Zarf,
"they [specializations] are only a byproduct of the creation of other social institutions you mentioned, and thus a reason why the other institutions thrived"
I'm glad you recognize that institutions caused specialization of labor and thus your more urbanized society and that this in turn further restructured institutions which thus further restructured specialized labor and urbanization.
But was this all a random chain reaction beginning with the first institutions, or was there some sort of guidance or control of the chain reaction? Sadly, the structure of the first institutions did in fact come to define the nature of our current society, more than most understand. Moreover, the structure of our current institutions did not come about solely as a result of advancing utilitarian benefit to society as a whole. In most examples of the restructuring of institutions, it occurred by design, according to the self-interest of those in control of the power to restructure said institutions.
First, to assume there was no design in the restructuring of institutions would be to assume there was no control over those institutions being restructured. And yet the very structure of institutions themselves requires there to be a centralized government in control of institutions in order for them to function or, for that matter, to be restructured. How, as an example, could there be a military without a chain of command, and, for that matter, how could that military modernize without a chain of command to issue its modernization?
Now, this brings us to the question of how often leaders of institutions have restructured institutions according to their perceived notion of the greater good to society at large and how often they have restructured said institutions for the betterment of their own (or decedents') self-interests. Weren't the Pharaohs more concerned with the grandeur of their Pyramids than the well-being of the slaves they drove to construct them? Likewise, did the ancient Grecian philosophers grant their women and their slaves the same voting privileges (and thus power to restructure institutions of ancient Grecian society) as they themselves employed? Were feudal peasants really as empowered to affect change to their societal institutions as the feudal lords who controlled them? Of course not.
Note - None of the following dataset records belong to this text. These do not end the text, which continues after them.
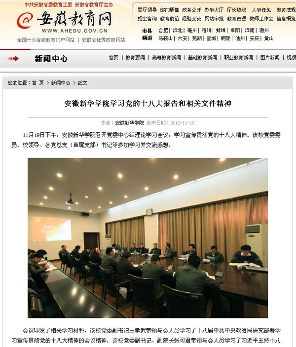 11月19日,安徽教育网第一时间报道了bat365党委中心组学习宣传贯彻十八大精神。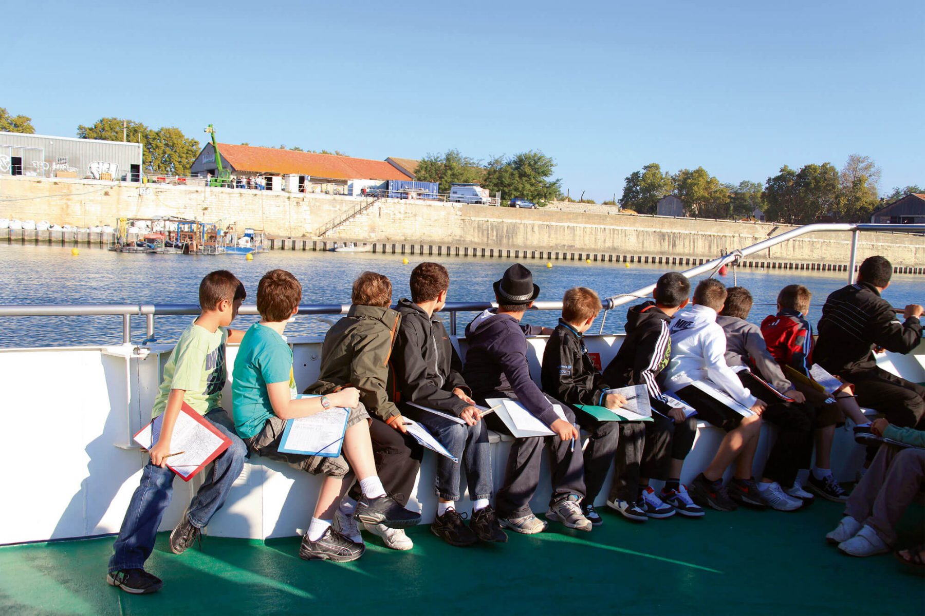 au- dessus de la cabine. Les têtes sont levées, bouche bée. Les enfants observent cette nature inconnue dans laquelle se sont étroitement imbriquées les activités humaines : constructions navales, carrières, aires touristiques... A côté de l'embarcation, un petit îlot accueille quelques aigrettes. Les oiseaux dorment. « Là, au moins, ils sont protégés des renards. »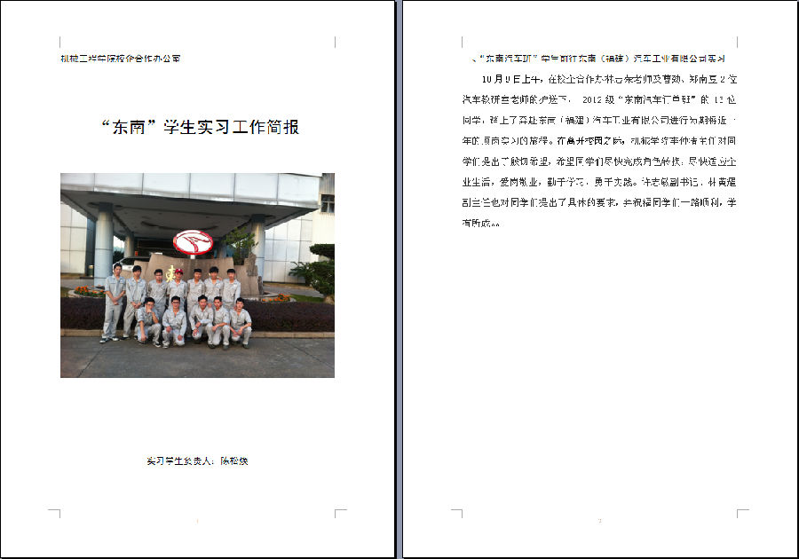“东南汽车班”学生实习工作简报(2015届)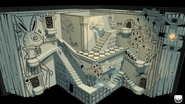 Comme bien souvent pour ce genre de jeux, c’est le gros point fort. Les niveaux, en noir et blanc, sont magnifiques, que ce soit dans leur disposition, leur ambiance ou leur esthétisme. Iris.Fall réussit à se renouveler tout en gardant une harmonie, une cohérence. Mention spéciale au niveau du livre animé qui donne envie de tourner les pages juste pour le plaisir des yeux et des oreilles (il y a d’ailleurs un succès à le faire un certain nombre de fois). Car oui la bande-son est tout aussi bonne. Nous sommes habitués à des musiques répétitives, parfois même à contre-emploi et empêchant de rester concentré sur l’énigme. Ici l’ambiance sonore est adaptée aussi bien au genre (puzzle game donc) qu’aux décors et à l’ambiance générale.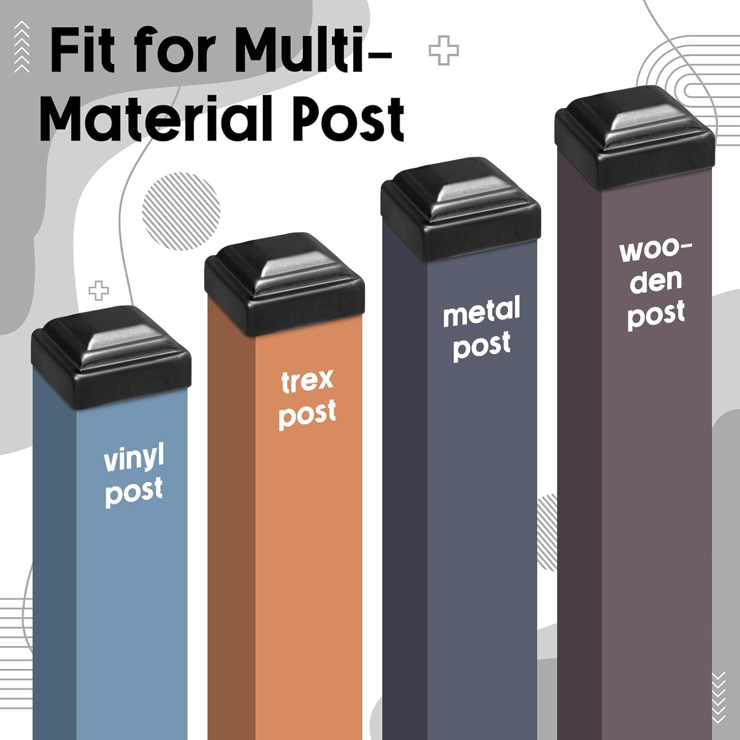 Features: Precisely crafted to fit 2" x 2" square posts, these caps provide a seamless and snug fit, ensuring maximum protection without compromising the aesthetic appeal of your fence Made from pressed steel, these post caps offer enduring durability and strength. Their solid construction promises reliable performance and resilience against environmental wear and tear. Specifications: Material: pressed steel Color: black Size: about 2" x 2" Package includes: 50 x Pressed steel post caps Notes: Manual measurement, please allow slight errors on size. The color may exist a slight difference due to different screen displays.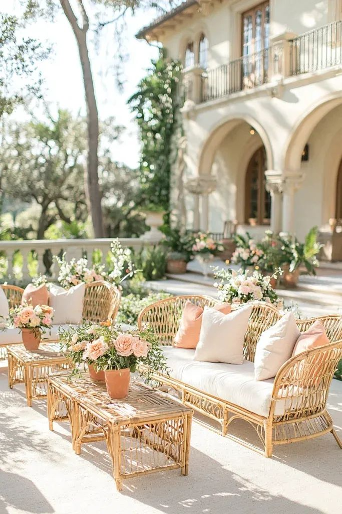 Premium rattan sofa and table set with soft cushions, designed for airy and bright living spaces.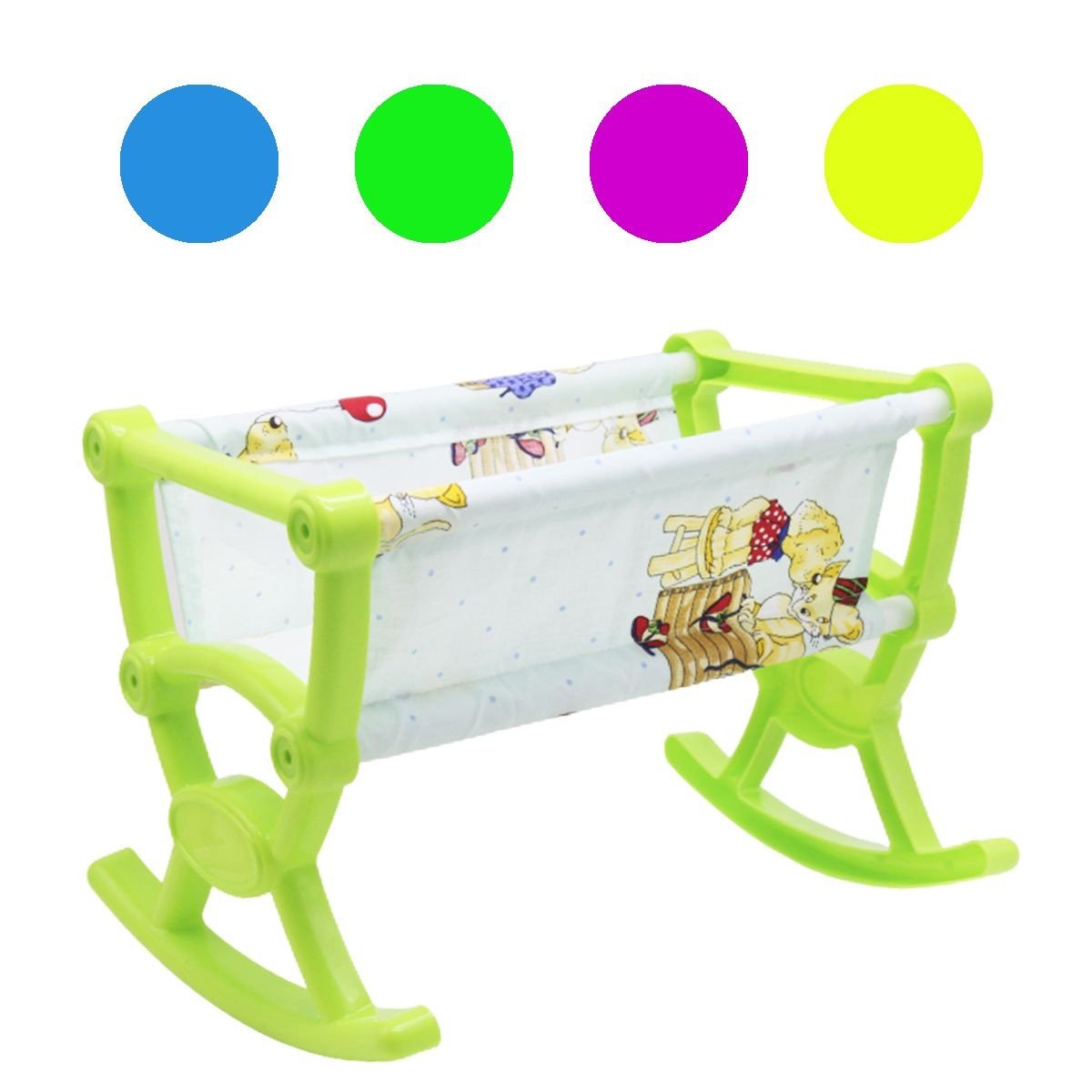 Яскрава пластикова ліжечко для ляльок. Легко збирається. Основа зроблена з пластику, усередині текстильна підкладка. Підійде для ляльок, пупсів і м'яких іграшок. Розмір ліжечка: 35 х 26 х 25 см. Різні кольори в асортименті.

Moreover, there are ample historical examples of when the restructuring of institutions of a given society occurred, it was done so in large part to pursue perceived benefits to those in control and not in pursuit of a utilitarian 'greater good' of society as a whole: ancient Egypt, ancient Greece, ancient Rome, Christian-dome, ancient Chinese dynasties, French Revolution, Russian Revolution, American Revolution, etc.. In all examples I can think of, it was the ones who were in control of the most influential institution of all, the military, which restructured that society's institutions according to their own (the victors') self-interest.
...
Have to go and do something else.
Anyway, I doubt there was much evolution of society. I see it as simply having been designed by the victors, for better or worse, not necessarily better, and, actually, ultimately, probably for the worse overall.